この後、中国と米国の密接な関係が目立つようになる。報道によれば10月21日には、胡主席と米国のオバマ大統領が電話会談を行い、気候変動の話題に多くを費やしたという。さらに、11月にはオバマ大統領が訪中、北京にて胡主席とオバマ大統領は、気候変動・エネルギー・環境分野での協力覚書に調印し、中米クリーンエネルギー合同研究センターのスタートなど7つの分野での協力を発表した。そして、11月25日に米国は「2020年までにCO2排出量を2005年比17%減」との目標を発表、同日、温家宝総理も国務院常務会議を主催し、今後の気候変動対策について「2020年までに全国のGDP単位当たりのCO2排出を2005年比で40-45%減少させる」という指示を行った(翌26日に公表)。

米国及び中国の蜜月関係が続くことで、COP15における気候変動交渉の前進が期待された。ただし、この中国の目標はGDP単位当たりであり、経済が急成長するなかでは排出総量は増加してしまう。COP15ではより一層の野心的目標を中国が打ち出すかに関心が集まった。

結果的にはCOP15では、中国から新たな提案は無かった。また、米国は中国に代表される新興国に対し温室効果ガスの排出削減効果に関する「測定・報告・検証」の受け入れを迫り、中国は米国をはじめとする先進国に、より一層の削減義務と途上国支援を要求することとなり、両国の溝が最後まで埋まらなかった。

このCOP15の交渉を妨げたのは、中国の頑なな態度であったと英国のミリバンド・エネルギー・気候変動相は英紙ガーディアンに寄稿している。他の報道でも、12月17日の晩餐会後、COP15が失敗に終わることへの危機感から緊急首脳会議が開催されたが、中国からは温家宝総理は出席せず事務方がテーブルに着いたため議論が深まらず*2、このため最終的には、米国のオバマ大統領自ら途上国代表を相手に内容を逐一説明し、粘り強く説得して回ったという。*3

他方、中国国内の報道では、温家宝総理主催で開催していたBASIC(ブラジル、南アフリカ、インド、中国)による会議に、オバマ大統領がノンアポイントで訪問したところ、四か国の首脳がこれを受入れ、5人による議論が行われ、COP15が失敗に終わる危機を回避したとされている。この場に同席した中国の政府幹部は温家宝総理が労苦をいとわず、国家と人民のための大変な努力をされる姿に感動したという。*4

両者の記述に矛盾は無く、それぞれの立場からの見え方が記述されている訳だが、気候変動問題は科学の問題であっても、気候変動交渉は政治の問題であることを感じさせる。

このCOP15以降、グーグル問題や台湾への武器売却など中米関係は冷えこんで行くが、5月の米中戦略・経済対話を契機に改めて中米関係が立て直されるであろうとの観測もある。いずれにせよ、米中両国の動向が気候変動交渉へ大きな影響を与えていくことは確かであり、我が国も、それを見越して気候変動政策を決めていく必要性があろう。

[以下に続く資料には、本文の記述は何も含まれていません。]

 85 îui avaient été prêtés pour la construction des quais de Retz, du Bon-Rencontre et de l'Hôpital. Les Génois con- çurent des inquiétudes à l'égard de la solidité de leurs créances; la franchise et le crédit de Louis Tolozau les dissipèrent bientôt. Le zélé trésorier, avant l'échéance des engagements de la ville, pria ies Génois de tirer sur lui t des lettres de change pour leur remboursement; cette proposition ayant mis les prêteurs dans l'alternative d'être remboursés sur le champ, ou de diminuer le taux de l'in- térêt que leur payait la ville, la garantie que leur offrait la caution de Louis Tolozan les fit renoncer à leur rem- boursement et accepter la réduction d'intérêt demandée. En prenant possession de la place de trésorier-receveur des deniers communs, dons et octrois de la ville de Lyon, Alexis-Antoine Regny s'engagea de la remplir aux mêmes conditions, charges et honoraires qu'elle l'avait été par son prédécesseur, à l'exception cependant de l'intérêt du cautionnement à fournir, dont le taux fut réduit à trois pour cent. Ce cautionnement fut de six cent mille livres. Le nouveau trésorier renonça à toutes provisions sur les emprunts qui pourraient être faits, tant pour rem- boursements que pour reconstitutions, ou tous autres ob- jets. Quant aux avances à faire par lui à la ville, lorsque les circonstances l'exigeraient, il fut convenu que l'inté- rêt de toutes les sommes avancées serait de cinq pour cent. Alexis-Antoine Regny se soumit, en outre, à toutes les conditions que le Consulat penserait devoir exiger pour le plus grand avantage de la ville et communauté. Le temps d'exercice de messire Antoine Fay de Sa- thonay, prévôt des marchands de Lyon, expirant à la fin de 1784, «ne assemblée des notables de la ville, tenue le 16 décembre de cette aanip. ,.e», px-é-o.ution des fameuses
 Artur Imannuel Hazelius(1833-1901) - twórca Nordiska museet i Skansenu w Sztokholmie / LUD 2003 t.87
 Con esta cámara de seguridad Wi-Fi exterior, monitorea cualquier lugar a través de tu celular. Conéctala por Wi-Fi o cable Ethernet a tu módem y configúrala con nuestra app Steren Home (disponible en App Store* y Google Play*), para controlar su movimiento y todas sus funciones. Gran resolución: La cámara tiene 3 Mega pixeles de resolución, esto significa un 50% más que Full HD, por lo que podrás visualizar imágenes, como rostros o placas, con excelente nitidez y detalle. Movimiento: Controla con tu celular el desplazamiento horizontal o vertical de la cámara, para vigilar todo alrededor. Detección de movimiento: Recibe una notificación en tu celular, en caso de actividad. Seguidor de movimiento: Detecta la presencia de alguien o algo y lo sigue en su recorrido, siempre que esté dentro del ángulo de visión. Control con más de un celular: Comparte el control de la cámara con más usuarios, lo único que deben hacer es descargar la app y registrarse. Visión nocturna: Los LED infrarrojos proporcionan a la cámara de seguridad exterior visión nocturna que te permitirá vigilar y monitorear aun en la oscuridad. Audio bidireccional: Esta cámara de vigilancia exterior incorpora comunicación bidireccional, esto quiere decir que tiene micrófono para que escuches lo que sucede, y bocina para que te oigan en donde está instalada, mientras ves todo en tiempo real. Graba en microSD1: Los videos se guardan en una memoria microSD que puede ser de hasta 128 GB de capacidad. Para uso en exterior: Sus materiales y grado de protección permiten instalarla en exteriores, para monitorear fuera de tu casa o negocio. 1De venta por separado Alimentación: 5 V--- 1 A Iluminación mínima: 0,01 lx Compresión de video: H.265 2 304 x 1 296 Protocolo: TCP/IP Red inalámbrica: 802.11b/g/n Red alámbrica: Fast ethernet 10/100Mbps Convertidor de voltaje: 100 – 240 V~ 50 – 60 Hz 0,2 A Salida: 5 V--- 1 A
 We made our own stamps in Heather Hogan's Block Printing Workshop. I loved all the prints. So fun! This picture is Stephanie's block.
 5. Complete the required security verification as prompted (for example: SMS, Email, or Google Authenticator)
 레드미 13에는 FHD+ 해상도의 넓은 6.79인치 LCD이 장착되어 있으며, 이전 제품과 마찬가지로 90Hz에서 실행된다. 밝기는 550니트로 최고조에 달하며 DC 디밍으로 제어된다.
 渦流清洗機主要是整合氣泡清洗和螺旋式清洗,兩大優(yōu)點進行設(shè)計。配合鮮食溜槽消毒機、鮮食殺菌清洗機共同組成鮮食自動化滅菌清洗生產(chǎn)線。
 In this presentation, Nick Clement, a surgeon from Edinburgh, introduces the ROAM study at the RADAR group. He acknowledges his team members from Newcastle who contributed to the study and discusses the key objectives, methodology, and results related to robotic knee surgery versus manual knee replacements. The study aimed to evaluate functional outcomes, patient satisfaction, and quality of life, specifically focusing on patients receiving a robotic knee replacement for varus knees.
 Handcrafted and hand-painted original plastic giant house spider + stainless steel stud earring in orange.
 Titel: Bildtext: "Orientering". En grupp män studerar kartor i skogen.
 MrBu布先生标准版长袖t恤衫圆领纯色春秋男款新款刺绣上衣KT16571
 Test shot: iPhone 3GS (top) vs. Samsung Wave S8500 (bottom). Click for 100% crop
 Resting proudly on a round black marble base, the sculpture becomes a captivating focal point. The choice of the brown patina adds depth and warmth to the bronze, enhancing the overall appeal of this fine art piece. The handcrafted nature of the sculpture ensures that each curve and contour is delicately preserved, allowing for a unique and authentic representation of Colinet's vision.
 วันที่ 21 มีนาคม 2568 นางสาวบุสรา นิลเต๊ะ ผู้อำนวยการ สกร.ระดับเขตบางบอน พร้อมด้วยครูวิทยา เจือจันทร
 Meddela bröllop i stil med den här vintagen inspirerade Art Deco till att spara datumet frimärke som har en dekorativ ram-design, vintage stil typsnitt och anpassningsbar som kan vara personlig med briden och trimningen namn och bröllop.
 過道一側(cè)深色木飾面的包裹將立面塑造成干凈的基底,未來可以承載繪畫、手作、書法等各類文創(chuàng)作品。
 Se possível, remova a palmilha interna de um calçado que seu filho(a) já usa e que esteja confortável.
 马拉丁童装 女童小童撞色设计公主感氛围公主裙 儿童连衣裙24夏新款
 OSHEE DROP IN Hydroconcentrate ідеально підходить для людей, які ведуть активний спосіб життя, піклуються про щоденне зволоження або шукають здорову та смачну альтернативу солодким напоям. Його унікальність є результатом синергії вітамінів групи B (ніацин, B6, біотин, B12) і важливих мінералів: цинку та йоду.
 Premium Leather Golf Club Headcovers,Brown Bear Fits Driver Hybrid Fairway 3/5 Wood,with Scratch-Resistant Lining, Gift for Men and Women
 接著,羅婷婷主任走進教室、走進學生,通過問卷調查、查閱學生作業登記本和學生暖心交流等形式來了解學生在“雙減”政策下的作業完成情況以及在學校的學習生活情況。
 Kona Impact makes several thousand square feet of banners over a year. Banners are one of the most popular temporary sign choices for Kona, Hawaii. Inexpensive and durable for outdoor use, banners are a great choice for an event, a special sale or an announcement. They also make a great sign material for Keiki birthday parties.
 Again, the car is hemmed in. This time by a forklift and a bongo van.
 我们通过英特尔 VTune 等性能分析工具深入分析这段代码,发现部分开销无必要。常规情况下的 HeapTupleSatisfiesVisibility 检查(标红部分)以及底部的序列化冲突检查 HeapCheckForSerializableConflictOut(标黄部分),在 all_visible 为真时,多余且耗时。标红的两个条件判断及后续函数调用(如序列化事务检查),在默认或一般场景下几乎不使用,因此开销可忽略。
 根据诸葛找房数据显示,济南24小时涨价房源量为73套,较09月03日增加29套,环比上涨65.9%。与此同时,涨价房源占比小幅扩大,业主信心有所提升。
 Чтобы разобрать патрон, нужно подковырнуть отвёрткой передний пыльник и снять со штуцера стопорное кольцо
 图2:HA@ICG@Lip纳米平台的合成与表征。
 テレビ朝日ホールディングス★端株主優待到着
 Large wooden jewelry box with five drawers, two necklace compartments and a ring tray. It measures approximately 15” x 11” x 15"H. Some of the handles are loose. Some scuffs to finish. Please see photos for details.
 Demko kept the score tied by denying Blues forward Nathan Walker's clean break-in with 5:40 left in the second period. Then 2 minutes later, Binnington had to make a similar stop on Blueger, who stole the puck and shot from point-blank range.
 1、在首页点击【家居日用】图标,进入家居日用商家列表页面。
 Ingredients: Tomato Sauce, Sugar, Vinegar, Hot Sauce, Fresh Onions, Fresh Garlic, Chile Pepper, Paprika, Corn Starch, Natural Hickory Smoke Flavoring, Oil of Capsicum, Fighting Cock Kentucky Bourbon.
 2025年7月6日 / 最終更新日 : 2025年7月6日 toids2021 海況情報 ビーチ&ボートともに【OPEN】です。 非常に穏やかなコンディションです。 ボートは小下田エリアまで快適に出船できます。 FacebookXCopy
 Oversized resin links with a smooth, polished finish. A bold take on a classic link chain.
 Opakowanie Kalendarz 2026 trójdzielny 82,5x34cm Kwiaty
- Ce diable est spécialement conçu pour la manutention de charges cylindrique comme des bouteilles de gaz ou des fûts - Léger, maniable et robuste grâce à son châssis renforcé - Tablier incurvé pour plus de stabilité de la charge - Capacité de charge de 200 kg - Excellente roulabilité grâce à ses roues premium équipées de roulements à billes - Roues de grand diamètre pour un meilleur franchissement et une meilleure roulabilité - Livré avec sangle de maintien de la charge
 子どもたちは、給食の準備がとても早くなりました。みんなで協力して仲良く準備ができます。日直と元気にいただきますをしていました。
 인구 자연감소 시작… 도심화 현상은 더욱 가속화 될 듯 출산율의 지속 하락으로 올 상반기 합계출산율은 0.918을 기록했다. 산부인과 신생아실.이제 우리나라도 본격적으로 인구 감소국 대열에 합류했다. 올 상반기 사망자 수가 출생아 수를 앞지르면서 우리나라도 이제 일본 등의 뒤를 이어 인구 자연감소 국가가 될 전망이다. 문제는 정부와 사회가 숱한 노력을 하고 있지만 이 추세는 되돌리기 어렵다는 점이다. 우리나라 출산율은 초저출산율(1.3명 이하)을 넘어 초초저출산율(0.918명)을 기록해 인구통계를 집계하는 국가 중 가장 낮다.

*1:中国において、日本の中央政府の局・部にあたる組織として「司」があるが。その司に準ずる組織として気候「班」であった。
*2:中国は温家宝総理が出席しなかった理由を会議への正式な招聘が無かったためとしている。2009年12月25日「新华社洞察:努力建立全球希望:中国总理在哥本哈根60小时」等。
*3:2009年12月27日産経新聞ニュース「COP15緊急首脳会議の内幕 先進国が連携して中国に対抗」等。
*4:2010年1月15日今晩報「气候大使不辱使命」。